Your instructions: From the first line to the last, repeat the data exactly but leave out the pictures.

Source data:
________

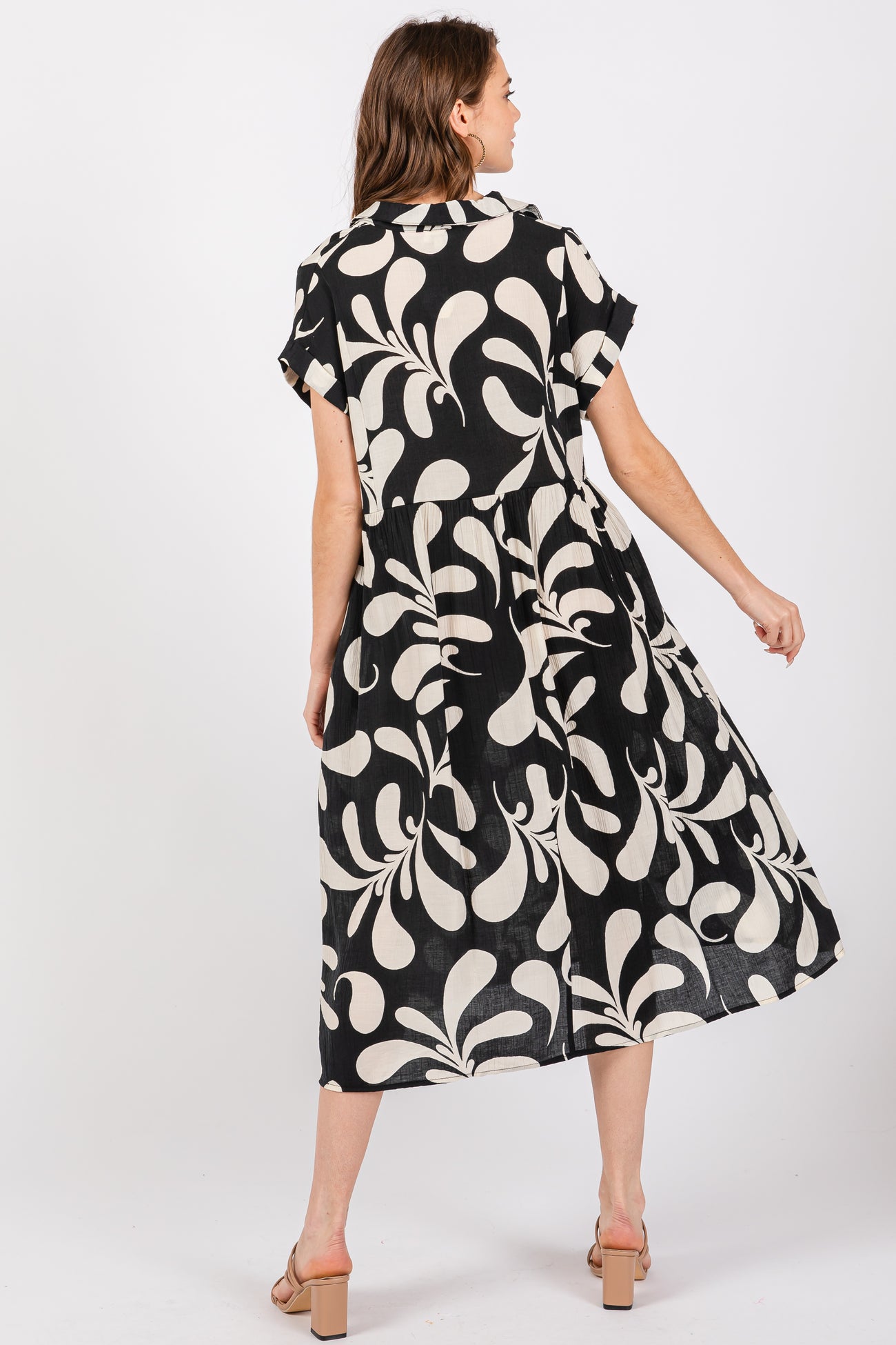 An abstract printed dress with a split v-neckline, a knee-length hem, a collar, short cuffed dolman sleeves, and side pockets.
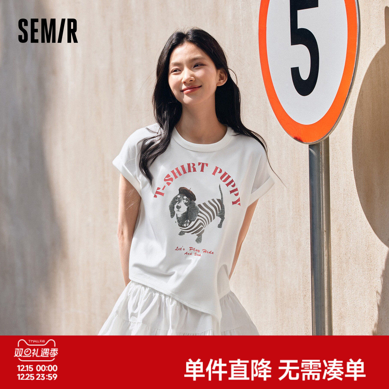 森马T恤女连肩袖宽松小心机绑带小众2025夏新款个性小狗上衣趣味
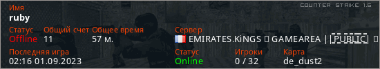 Последний раз был в сети 02:16 01.09.2023 Игрок с таким ником замечен на 19 серверах
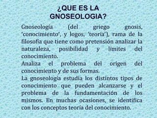 Este documento trata sobre la gnoseología, que es la rama de la filosofía que analiza la naturaleza, posibilidad y límites del conocimiento. Explica que la gnoseología estudia los distintos tipos de conocimiento y cómo se adquieren, así como los problemas fundamentales del conocimiento como su posibilidad, objeto, origen y verificación. También define conceptos como empirismo, racionalismo e intuicionismo como teorías sobre el origen del conocimiento, e introduce las principales corrientes y pensadores que abordan estos problemas.

________

Answer for the task:
 An abstract printed dress with a split v-neckline, a knee-length hem, a collar, short cuffed dolman sleeves, and side pockets.
 森马T恤女连肩袖宽松小心机绑带小众2025夏新款个性小狗上衣趣味
 Последний раз был в сети 02:16 01.09.2023 Игрок с таким ником замечен на 19 серверах
 Este documento trata sobre la gnoseología, que es la rama de la filosofía que analiza la naturaleza, posibilidad y límites del conocimiento. Explica que la gnoseología estudia los distintos tipos de conocimiento y cómo se adquieren, así como los problemas fundamentales del conocimiento como su posibilidad, objeto, origen y verificación. También define conceptos como empirismo, racionalismo e intuicionismo como teorías sobre el origen del conocimiento, e introduce las principales corrientes y pensadores que abordan estos problemas.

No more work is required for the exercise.